Papantoniou Michail, Panagou Georgia, Kanavouras Konstantinos
Neurology, General Hospital of Athens G. Gennimatas, Athens, GRC.
Cureus. 2024 Sep 30;16(9):e70546. doi: 10.7759/cureus.70546. eCollection 2024 Sep.
Myelin oligodendrocyte glycoprotein (MOG) antibody-associated disease refers to a clinical and radiological spectrum of demyelinating disorders of the Central Nervous System. We report the case of a female adult patient presenting to our department with an episode of seizures and cognitive dysfunction, compatible with Gerstmann syndrome. Brain MRI revealed a high T2 and DWI signal unilateral cortical lesion at the inferior left parietal lobe and leptomeningeal contrast enhancement. Lumbar puncture showed pleocytosis of the lymphocytic type and elevated protein. Upon suspicion of autoimmune encephalitis, extensive laboratory testing was performed, and the patient's serum and cerebrospinal fluid (CSF) tested positive for anti-MOG, while anti-glial fibrillary acidic protein (GFAP) antibodies were detected in her serum. A diagnosis of FLAIR-hyperintense lesions in anti-MOG-associated encephalitis with seizures (FLAMES) was made, and the patient was treated with intravenous methylprednisolone for five days, leading to clinical remission within days. However, serum anti-MOG IgG titers were found to be higher on follow-up, and the patient experienced a relapse, thus treatment with azathioprine was initiated.

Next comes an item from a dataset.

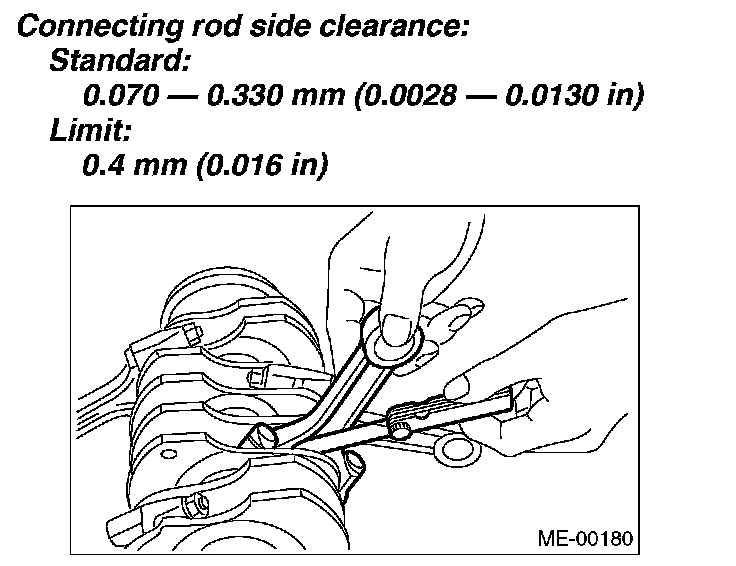 3) Install the connecting rod fitted with bearing to crankshaft and measure the side clearance (thrust clearance). If side clearance exceeds the limit, replace the connecting rod.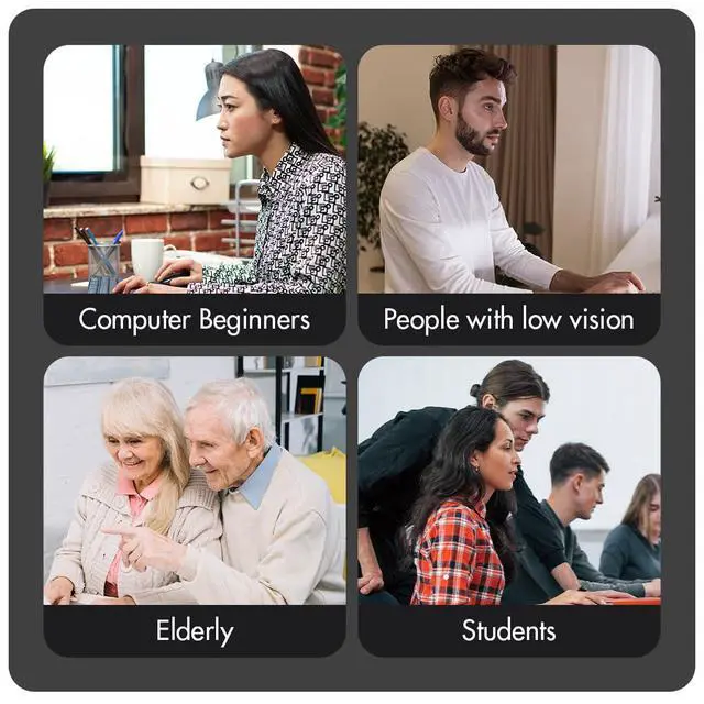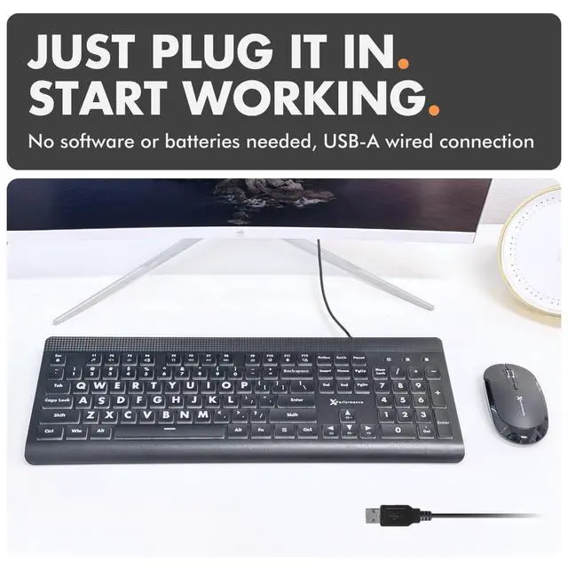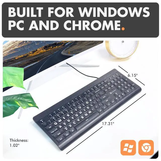 SEE WITH EASE, TYPE WITH CONFIDENCE Featuring large, bold print, this large font key board makes every character easy to see. A great solution for seniors, students, and visually impaired users who want a more comfortable computer keyboard experience.

We suggest that upon suspicion of autoimmune encephalitis, all patients should be tested for serum and CSF anti-MOG IgG antibodies. Furthermore, we consider that anti-MOG antibody titers and GFAP concentration could be used as possible biomarkers for the disease course and treatment strategy options.

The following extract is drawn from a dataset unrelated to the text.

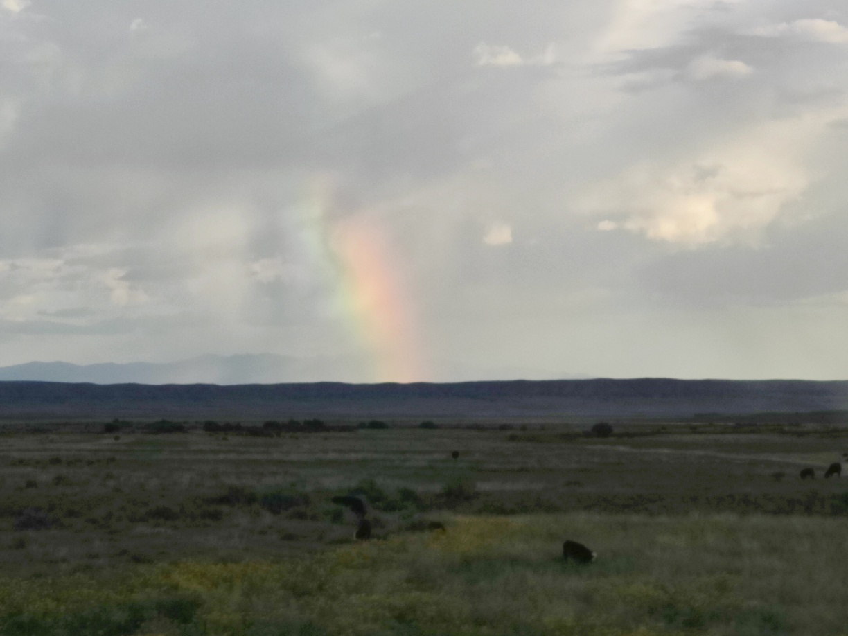 But we got on the road again and tried to pry our nerves off the ceiling… we were not as calm as we had appeared! The spectacular scenery helped a lot. We began watching the beautiful mesas as we drove, and C even got a picture for me of a stunning rainbow, only a half hour short of Albuquerque.

髓鞘少突胶质细胞糖蛋白(MOG)抗体相关疾病是指中枢神经系统脱髓鞘疾病的临床和影像学谱系。我们报告了一名成年女性患者的病例,该患者因癫痫发作和认知功能障碍前来我科就诊,符合格斯特曼综合征。脑部MRI显示左侧顶叶下部有一个高T2和DWI信号的单侧皮质病变,软脑膜有对比增强。腰椎穿刺显示淋巴细胞型细胞增多和蛋白升高。在怀疑自身免疫性脑炎后,进行了广泛的实验室检查,患者血清和脑脊液(CSF)抗MOG检测呈阳性,而其血清中检测到抗胶质纤维酸性蛋白(GFAP)抗体。诊断为伴有癫痫发作的抗MOG相关脑炎的FLAIR高信号病变(FLAMES),患者接受静脉注射甲基强的松龙治疗5天,数天内临床缓解。然而,随访时发现血清抗MOG IgG滴度更高,患者复发,因此开始使用硫唑嘌呤治疗。我们建议,在怀疑自身免疫性脑炎时,所有患者都应检测血清和脑脊液抗MOG IgG抗体。此外,我们认为抗MOG抗体滴度和GFAP浓度可作为疾病进程和治疗策略选择的可能生物标志物。